§ Stored data

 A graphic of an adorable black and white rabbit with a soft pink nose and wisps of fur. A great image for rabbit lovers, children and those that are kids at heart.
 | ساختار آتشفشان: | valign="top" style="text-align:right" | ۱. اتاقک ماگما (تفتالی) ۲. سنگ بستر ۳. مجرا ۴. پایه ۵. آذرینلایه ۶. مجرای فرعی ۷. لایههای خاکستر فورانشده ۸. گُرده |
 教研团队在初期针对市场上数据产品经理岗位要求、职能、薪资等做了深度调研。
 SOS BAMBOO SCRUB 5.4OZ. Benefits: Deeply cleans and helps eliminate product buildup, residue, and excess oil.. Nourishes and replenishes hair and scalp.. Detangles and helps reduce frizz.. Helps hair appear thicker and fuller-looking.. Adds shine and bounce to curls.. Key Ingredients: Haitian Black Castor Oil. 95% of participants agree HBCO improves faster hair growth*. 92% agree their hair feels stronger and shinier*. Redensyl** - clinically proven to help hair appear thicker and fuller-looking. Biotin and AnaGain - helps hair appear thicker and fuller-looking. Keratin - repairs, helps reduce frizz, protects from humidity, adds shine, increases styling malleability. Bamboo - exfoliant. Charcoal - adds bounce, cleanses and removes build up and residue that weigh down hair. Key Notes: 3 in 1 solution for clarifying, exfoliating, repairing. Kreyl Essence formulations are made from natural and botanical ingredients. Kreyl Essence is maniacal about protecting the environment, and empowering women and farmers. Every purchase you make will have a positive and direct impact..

* * *

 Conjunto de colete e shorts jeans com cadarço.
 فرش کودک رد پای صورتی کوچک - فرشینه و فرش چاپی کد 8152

§ Task requirements
From the material above, set down exactly the lines starting at the one with "A graphic of" and ending at the one with "教研团队在初期针对市场上数据产品经理岗位要求、职能、薪资等做了深度调研。", end lines included.

§ Output of the exercise
 A graphic of an adorable black and white rabbit with a soft pink nose and wisps of fur. A great image for rabbit lovers, children and those that are kids at heart.
 | ساختار آتشفشان: | valign="top" style="text-align:right" | ۱. اتاقک ماگما (تفتالی) ۲. سنگ بستر ۳. مجرا ۴. پایه ۵. آذرینلایه ۶. مجرای فرعی ۷. لایههای خاکستر فورانشده ۸. گُرده |
 教研团队在初期针对市场上数据产品经理岗位要求、职能、薪资等做了深度调研。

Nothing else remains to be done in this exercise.